Estados Unidos. Mientras el mundo cambia y Occidente se alínea en defensa de sus

valores y su civilización, el presidente mexicano mira a Cuba, a Venezuela, a Nicaragua,

y habla por ellos.


Empieza a parecer entonces lo que es: no un presidente sensible a la historia ni el líder

de una transformación histórica de su país. Más bien un político al que la historia que le

toca vivir, la historia a la que debe responder, le pasa de noche.

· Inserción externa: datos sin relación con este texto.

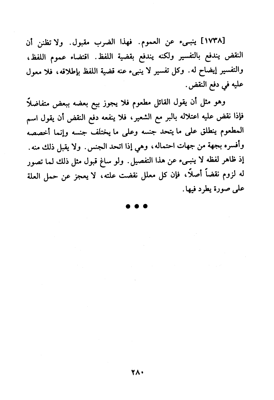 1738 - يُنبئ عَن الْعُمُوم. فَهَذَا الضَّرْب مَقْبُول. وَلَا تَظنن أَن النَّقْض ينْدَفع بالتفسير وَلكنه ينْدَفع بقضية اللَّفْظ. اقْتِضَاء عُمُوم اللَّفْظ، وَالتَّفْسِير إِيضَاح لَهُ. وكل تَفْسِير لَا يُنبئ عَنهُ قَضِيَّة اللَّفْظ بِإِطْلَاقِهِ، فَلَا معول عَلَيْهِ فِي دفع النَّقْض.

Un presidente sordo a los verdaderos llamados de su tiempo.

7 de mayo de 2022

Héctor Aguilar Camín

Historiador y escritor. Entre sus libros: Nocturno de la democracia mexicana , Pensando

en la izquierda y México: la ceniza y la semilla.

1
 “Yo no voy a perseguir a nadie, lo he dicho, porque no es mi fuerte la venganza. Yo

quiero que haya justicia y voy a acabar con la corrupción y voy a acabar con la

impunidad, pero no voy a perseguir a nadie, no voy a utilizar el gobierno para ninguna

persecución”. El Universal,  Tamaulipas, 26 de febrero de 2018. https://bit.ly/3MS2c8y.

2
 El tribunal electoral dictaminó que la procuraduría había usado recursos públicos

contra Anaya: https://bit.ly/3kSgY3j. El 28 de noviembre de 2018, dos días antes de

terminar el gobierno de Peña Nieto, la procuraduría emitió un boletín reconociendo: “No

existen datos de prueba suficientes, aún de manera circunstancial , que permitan

acreditar el hecho con apariencia de delito de operaciones con recursos de procedencia

ilícita” (cursivas HAC). Reforma, 5 de marzo de 2019.


3
 Castañeda, J. G. “La oposición ganó… con una buena ayudada del

gobierno”, https://bit.ly/3ugU3BB. El narco intervino decisivamente en las elecciones de

Sinaloa: en Mazatlán, retuvieron a taxistas que llevaban a funcionarios de casilla para

que no llegaran a su destino y no las abrieran. En Culiacán, amenazaron de muerte al

candidato del PRI que renunció. Para postular a su sustituto pidieron autorización al

jefe narco, Ismael el Mayo Zambada, quien lo aprobó, pero no Los Chapitos (hijos del

jefe narco Joaquín Guzmán), quienes secuestraron durante el día de la jornada a todos

los miembros de su equipo electoral y los liberaron cuando cerraron las casillas. De

Mauleón, H. “El voto narco”, El Universal, 16 de julio de 2021.

4
 Murayama, C. “Evitar la sobrerrepresentación”, Excélsior, 1 de marzo de

2021, https://bit.ly/3raFNIu).

5
 Medina Mora Pérez, N. “Fabricando mayorías”, nexos, mayo de

2021, https://bit.ly/38cDZev.

6
 Para el caso de México uso aquí la palabra “dictadura” en su estricto sentido liberal,

como un régimen donde no hay división de poderes, donde el Poder Ejecutivo ha

capturado y nulificado al Legislativo y al Judicial.